2)     Priscila Ko utiliza gran parte de su carta para intentar deshumanizar a los miembros del grupo Hamas y a los palestinos en general. En uno de sus argumentos, insiste que una “vida judía” vale mucho más que la de un palestino de Hamas. Esto es muy cierto desde la óptica del Estado de Israel, que mata palestinos de a cientos o miles y también tiene recluidos a miles de presos políticos palestinos, muchos sin derecho aabogado (detención administrativa indefinida). Constituye esta la visión racista típica de toda sociedad colonial en su desprecio de la vida del pueblo originario. En este caso la “vida judía” es sagrada, mientras que la vida del aborigen vale poco o nada. En su manipulación, Priscila Ko utiliza la declarada disposición de los combatientes de Hamas a morir por su causa como una supuesta prueba de que los palestinos de Hamas desprecian la vida.

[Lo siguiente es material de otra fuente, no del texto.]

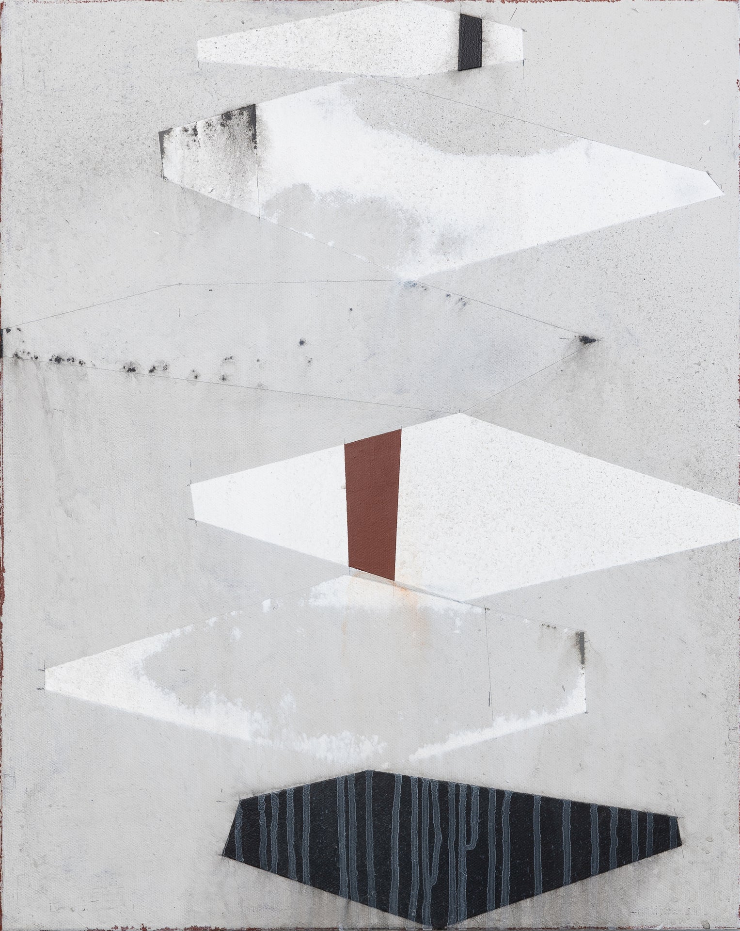| This textural abstract is a demonstration of contrasting shapes and processes. Layers of pigment are precisely applied, and selectively removed. As shapes are degraded, a mist of pigment settles in delicate overlapping layers atop underlying texture creating shrouds of color in organic patterns. |

Por todo lo expuesto, no quedan dudas de que la carta de Priscila Ko donde se larga a difamarme y a mentir sobre la naturaleza de la tragedia palestina tiene un objetivo evidente: desacreditar mis denuncias y encubrir el genocidio palestino.

Como literatura sugerida a aquellos que quisieran saber más sobre los orígenes de la Tragedia Palestina:

El libro «La Limpieza Étnica de Palestina», del Historiador Israelí ilán Pappe.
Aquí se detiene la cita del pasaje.